**DATASET EXCERPT:**
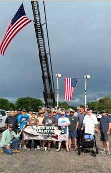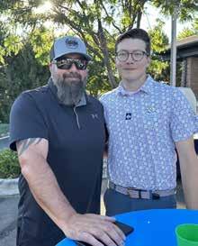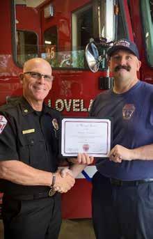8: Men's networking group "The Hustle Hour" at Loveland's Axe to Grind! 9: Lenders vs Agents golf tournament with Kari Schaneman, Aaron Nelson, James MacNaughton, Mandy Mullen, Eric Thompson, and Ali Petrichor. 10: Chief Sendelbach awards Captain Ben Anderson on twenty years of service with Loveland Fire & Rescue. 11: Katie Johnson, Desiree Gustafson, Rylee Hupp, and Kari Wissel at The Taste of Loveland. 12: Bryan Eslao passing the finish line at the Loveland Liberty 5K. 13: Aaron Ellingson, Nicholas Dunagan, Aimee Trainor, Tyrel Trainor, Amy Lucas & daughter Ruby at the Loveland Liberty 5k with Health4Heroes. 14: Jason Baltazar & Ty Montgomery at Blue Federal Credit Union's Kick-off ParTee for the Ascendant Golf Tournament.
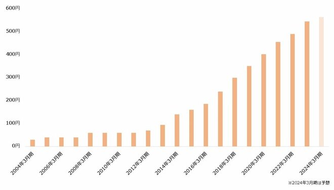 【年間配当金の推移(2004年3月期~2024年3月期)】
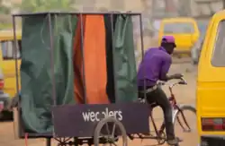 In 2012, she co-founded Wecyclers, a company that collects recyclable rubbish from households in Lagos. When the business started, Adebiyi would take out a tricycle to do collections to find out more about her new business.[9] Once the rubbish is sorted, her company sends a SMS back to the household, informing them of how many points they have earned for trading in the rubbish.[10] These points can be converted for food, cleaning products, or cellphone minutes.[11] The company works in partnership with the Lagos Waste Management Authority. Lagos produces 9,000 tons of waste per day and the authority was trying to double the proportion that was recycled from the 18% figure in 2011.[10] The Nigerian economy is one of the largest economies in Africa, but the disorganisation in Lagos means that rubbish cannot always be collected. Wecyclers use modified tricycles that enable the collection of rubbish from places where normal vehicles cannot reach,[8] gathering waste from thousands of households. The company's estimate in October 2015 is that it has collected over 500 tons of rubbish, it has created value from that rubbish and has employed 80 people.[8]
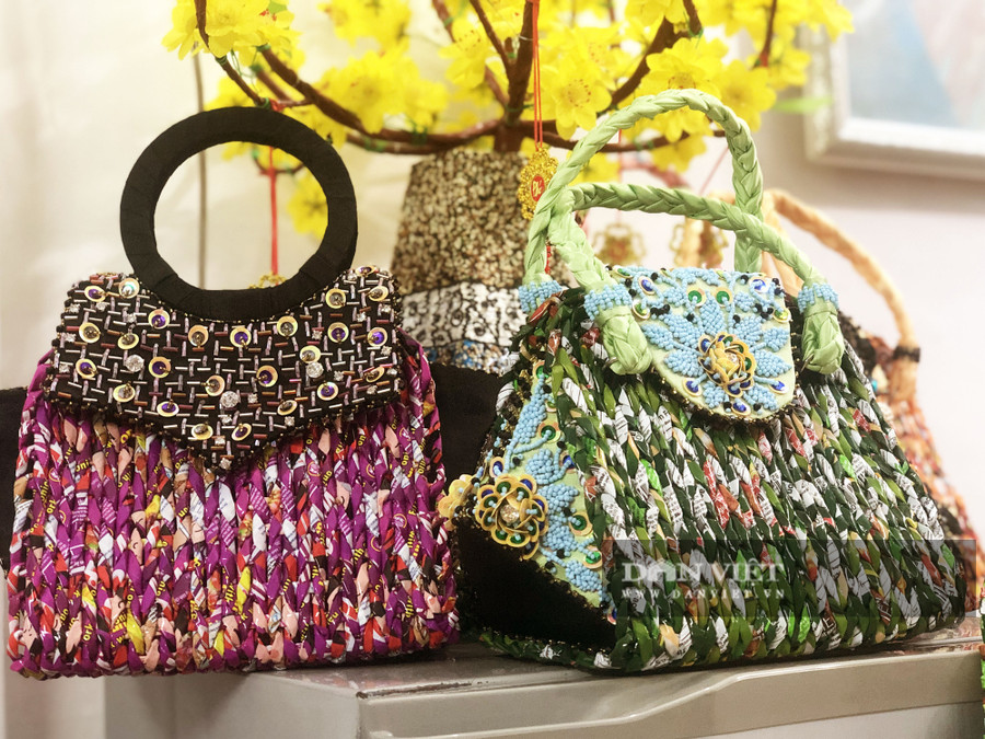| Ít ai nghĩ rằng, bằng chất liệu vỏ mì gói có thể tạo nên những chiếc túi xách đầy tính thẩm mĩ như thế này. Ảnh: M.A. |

**WHAT YOU HAVE TO DO:**
All the lines above are to be reproduced exactly, except the pictures.

**EXERCISE RESPONSE:**
8: Men's networking group "The Hustle Hour" at Loveland's Axe to Grind! 9: Lenders vs Agents golf tournament with Kari Schaneman, Aaron Nelson, James MacNaughton, Mandy Mullen, Eric Thompson, and Ali Petrichor. 10: Chief Sendelbach awards Captain Ben Anderson on twenty years of service with Loveland Fire & Rescue. 11: Katie Johnson, Desiree Gustafson, Rylee Hupp, and Kari Wissel at The Taste of Loveland. 12: Bryan Eslao passing the finish line at the Loveland Liberty 5K. 13: Aaron Ellingson, Nicholas Dunagan, Aimee Trainor, Tyrel Trainor, Amy Lucas & daughter Ruby at the Loveland Liberty 5k with Health4Heroes. 14: Jason Baltazar & Ty Montgomery at Blue Federal Credit Union's Kick-off ParTee for the Ascendant Golf Tournament.
 【年間配当金の推移(2004年3月期~2024年3月期)】
 In 2012, she co-founded Wecyclers, a company that collects recyclable rubbish from households in Lagos. When the business started, Adebiyi would take out a tricycle to do collections to find out more about her new business.[9] Once the rubbish is sorted, her company sends a SMS back to the household, informing them of how many points they have earned for trading in the rubbish.[10] These points can be converted for food, cleaning products, or cellphone minutes.[11] The company works in partnership with the Lagos Waste Management Authority. Lagos produces 9,000 tons of waste per day and the authority was trying to double the proportion that was recycled from the 18% figure in 2011.[10] The Nigerian economy is one of the largest economies in Africa, but the disorganisation in Lagos means that rubbish cannot always be collected. Wecyclers use modified tricycles that enable the collection of rubbish from places where normal vehicles cannot reach,[8] gathering waste from thousands of households. The company's estimate in October 2015 is that it has collected over 500 tons of rubbish, it has created value from that rubbish and has employed 80 people.[8]
| Ít ai nghĩ rằng, bằng chất liệu vỏ mì gói có thể tạo nên những chiếc túi xách đầy tính thẩm mĩ như thế này. Ảnh: M.A. |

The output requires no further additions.